The nature and amount of the bond guarantees for a contract should reflect the Miller Act requirements and the government's exposure. Thus, there should be enough to satisfy the Miller Act with regard to the work outstanding. Each order increases the government's exposure and thus requires an increase in the bonding, and the completion of each order reduces the government's exposure. However, I don't think the increase needs to cover the sum of the face values of the outstanding orders, just the sum of the values of the uncompleted work. FAR clearly gives the contracting officer discretion in that regard.

I also think that when the sum of the values of the uncompleted work exceeds $100,000 you need to require the bonding for a contract in excess of $100,000. That is not clear from the FAR, but that is what makes sense to me in light of what I can glean from the FAR.

By joel hoffman on Wednesday, November 22, 2000 - 09:36 am:

Franc and Vern, as a bit of advice, I'd count the value of all uncompleted orders, when initiating or adding to a bond. Under the Miller Act, a sub, supplier or laborer can take an action against the bond several months after providing the material, labor or service. The remaining value on the task order may be far less than the claim exposure against the bond for unpaid workers, suppliers and subs or in case of default.

Plus, the bonding company typically calculates the premium on the total amount of the contract - for task orders, I'd include and track the total of each task order covered by the bond. Makes it much cleaner to negotiate and to administer. Bonding company keeps up with the total work covered through periodic inquiries to the Government, plus the SF 1415's and other forms we use.

If you have separate, alternate coverage for initial small tasks, you can separate those tasks from the bonded tasks. I believe that would be workable. Happy Sails! joel

By Vern Edwards on Wednesday, November 22, 2000 - 09:39 am:


That's good advice. Thanks.


By joel hoffman on Wednesday, November 22, 2000 - 09:40 am:

To clarify, I recommend including the total cost of task orders to be covered by the bond (not just the uncompleted amount of the task order). For task orders not covered by bond but by alternate security, keep those separate. I believe that should answer Franc's question about avoiding duplicate protections. Does this make sense? Happy Sails!

By Julee McTaggart on Friday, December 08, 2000 - 07:27 pm:

I think you'll be interested in FAR clause 52.228-15, Performance and Payment Bonds -- Construction. I quote from the definitions paragraph -"ORIGINAL CONTRACT PRICE means the award price of the contract; or, for requirements contracts, the price payable for the estimated total quantity; or for indefinite-quantity contracts, the price payable for the specified minimum quanity. Original contract price does not include the price of any options, except those options exercised at the time of contract award."

Hope this helps.


By joel hoffman on Saturday, December 09, 2000 - 08:44 am:

Julee, the wording in the clause would logically indicate that the bond isn't required until the contract amount, as measured by task orders, exceeds the Miller Act threshold of $100k. If alternate coverage was provided for initial task orders below the threshold, I wouldn't count those totals in the threshold amount, as there is already some protection provided by the alternative approaches. I'd apply the bond only to the remaining task orders.

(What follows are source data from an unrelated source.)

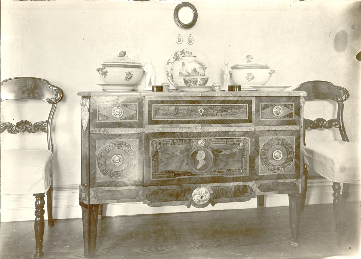 Byrå, gustaviansk (i salongen). Kommen från Valinge. Nuvarande ägarens (1925) farfars far,amiral Nordenskiöld, var gift med en Wrangel från Valinge.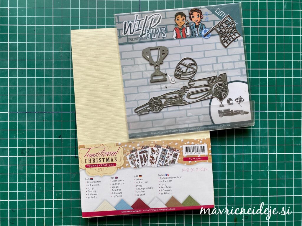 Za današnjo voščilnico sem izbrala Yvonne Creations -Wild Boys Cutting Die – Racing rezalno šablono ter Yvonne Creations – Papir s teksturo, Traditional Christmas. Papirji A5 Velikosti so barvno zelo lepo usklajeni, v setu je 24 listov v šestih barvah. Voščilnice je velika 10,5×10,5 cm z dvojnim “z” prepogibom.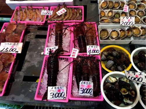 伊勢エビが大量に売られていて驚きました。この寫真のフレーム外にもウジャウジャいました。(分譲地から約31km)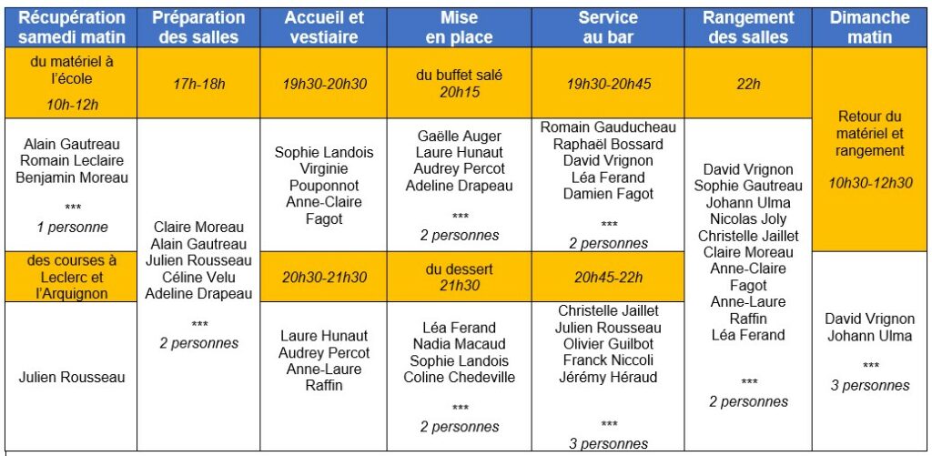Vous trouverez ci-dessous le planning des tâches effectuées par les parents bénévoles.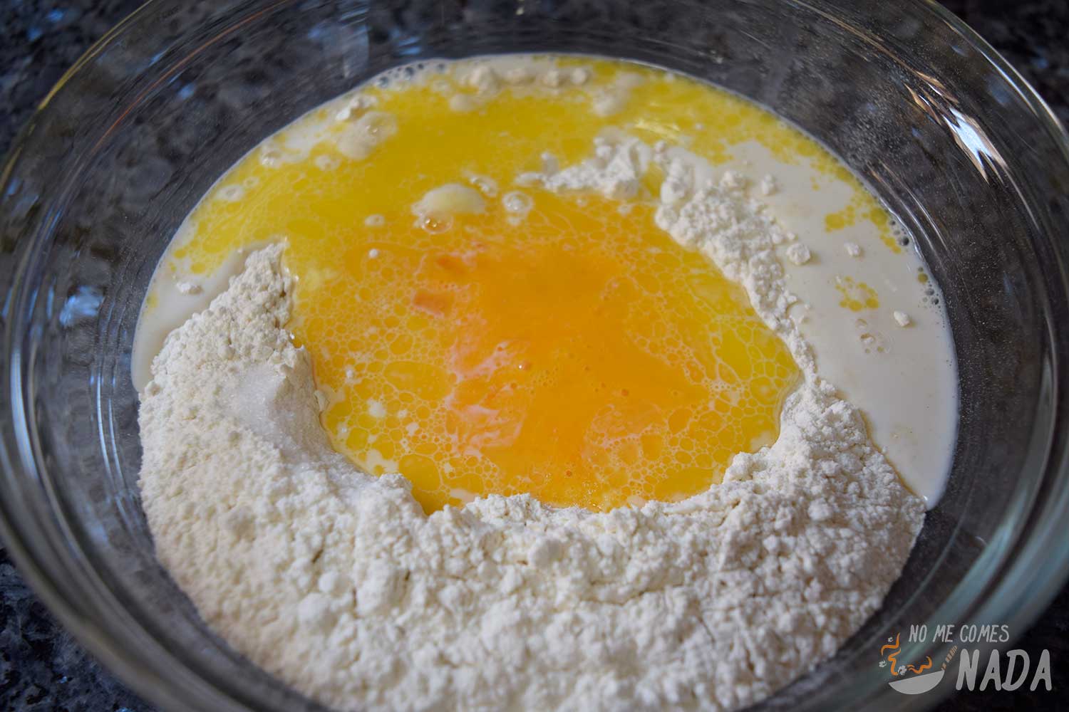 Pasado ese tiempo, vertemos la harina junto con la sal en un bol amplio y hacemos un hueco en medio, a modo de volcán. Derretimos la mantequilla en el microondas en tandas de pocos segundos, lo justo para que se derrita, no queremos que se caliente mucho. Incorporamos la mantequilla derretida, el huevo batido y la mezcla de levadura al bol con la harina.

If all follow-on task orders are below $100k, I suppose you could treat each as a separate contract, forego bonds, and use alternative protection. That would be cumbersome, though.

I just received some material from the Surety Information Office. This information reminded me that claimants under a payment bond must file a claim no sooner than 90 days after the last material or labor were furnished and no later than 1 year after that date. Therefore, I'd repeat my 22 November 2000 clarification.